El vigilante aún sigue hablando por la radio. Un matrimonio de turistas asoma en el vestíbulo y tratan de convencer al guardia para que les haga una foto. Sonrío cuando le piden que les saque un par de ellas más y le mueven de su posición. Me cuelo por la puerta, dejándola encajada como puedo y, a continuación, bajo los escalones de la bodega. Menos mal que se ve algo por el resplandor de los pilotos de la luz de emergencia porque la escalera es antigua, de madera y empinada como un tobogán. Abajo, veo un interruptor y lo acciono. Una fila de fluorescentes se enciende siguiendo el punto más alto de un techo en medio arco. Unas cuantas estanterías con anaqueles para botellas quedan iluminadas. Necesito cerrar la puerta de nuevo.

Doy de nuevo gracias a mi suerte cuando distingo en un rincón un viejo banco de trabajo con varias herramientas expuestas. Compruebo de un rápido vistazo que no hay mucho útil allí, salvo quizás un delgado cincel medio oxidado. Lo atrapo y subo en silencio las crujientes escaleras de madera. Si puedo colar la punta del cincel bajo la puerta… ¡Por Belcebú! El cincel encaja bien cuando empujo con fuerza. Muevo la cuña de metal para dejar el otro extremo apoyado contra la piedra del vano de la puerta. Una buena patada encaja firmemente el cincel, dejando la puerta bien cerrada. Respiro con alivio. Ahora, sólo me queda esperar.

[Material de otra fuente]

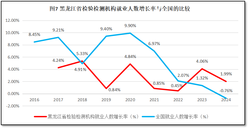 黑龙江省检验检测机构就业人数增长率与全国检验检测机构就业人数增长率的比较如图7所示。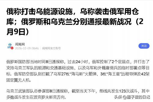 乌军这边也没认输,乌克兰武装部队总参谋部在2月8日下午前,也发布了最新通报,说前线一共发生了123次战斗,几乎是全天不间断交火,而其中大部分战斗,都集中在波克罗夫斯克方向。
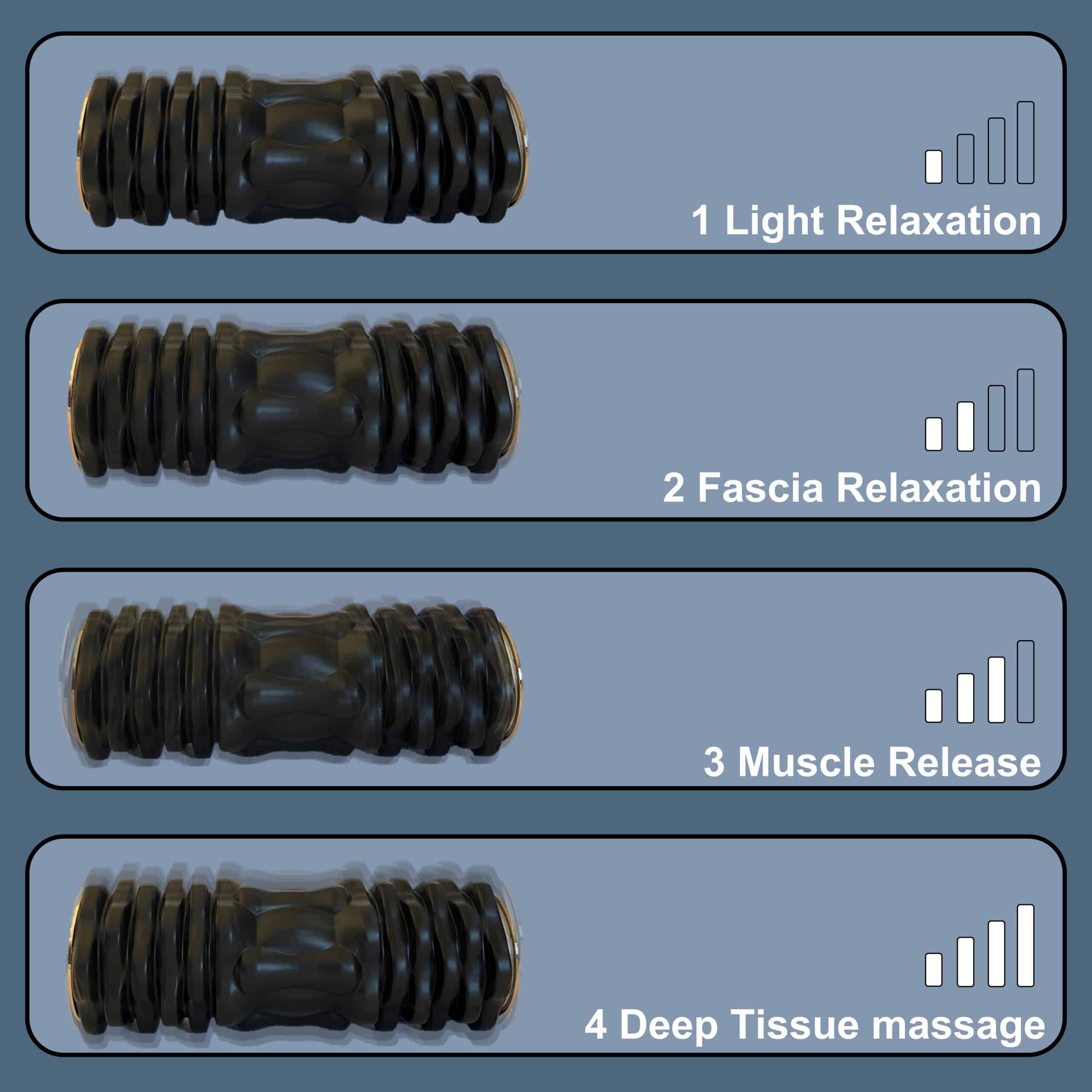 1. Modos de vibración versátiles: Con 4 modos de vibración distintos, puedes personalizar tu experiencia de masaje para enfocarte en diferentes grupos musculares y preferencias, desde suaves pulsaciones hasta masajes de tejido profundo.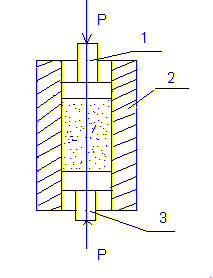 1-верхний пуансон,2-матрица,3-нижний пуансон.

Tras apagar las luces, me siento en el suelo. Estoy tentado de abrir una botella de vino para matar el tiempo pero desecho la idea. No creo que soportara la tentación de emborracharme. Debo estar sereno y atento si quiero que este asunto salga bien. Unas voces tenues llegan hasta la bodega. Provienen del conducto de aire que recoge retazos de conversaciones de los turistas más cercanos a las rejillas. Me divierto poniéndole caras a esas voces o inventándome pérfidas historias sobre ellas.

Debe de ser la hora del almuerzo cuando escucho otras voces después de un par de horas de silencio. Por la conversación, deben de ser dos vigilantes. Me entero que esperan otro grupo de turistas sobre las cuatro. Joder, tengo hambre… No hambre de pecados sino de la humana; no he comido nada desde que llegué a Shreveport. Toca aguantarse.

Escucho llegar a los turistas un buen rato después. De nuevo, tengo hilos de conversación para pasar el rato, al menos durante los cuarenta minutos que dura la visita. Después, vuelvo a escuchar otros guardias disponiendo una revisión visual del museo antes de cerrar las puertas. En el silencio de la bodega, puedo escuchar puertas que se cierran. Una voz me sobresalta. Se encuentra delante de la puerta de la bodega. Una mano acciona el pomo y como la puerta no cede, el vigilante cree que sigue cerrada.

---Aquí abajo todo bien. Voy a cerrar la puerta de entrada. ¿Conecto las cámaras del interior? –pregunta el vigilante.

---No, es sábado y ya sabes lo que pasa los sábados –responde otra voz desde un poco más lejos.

---Sí… que el jefe recibe visita –se regodea el vigilante, alejándose de la puerta. –No queremos que sus jueguitos se queden grabados…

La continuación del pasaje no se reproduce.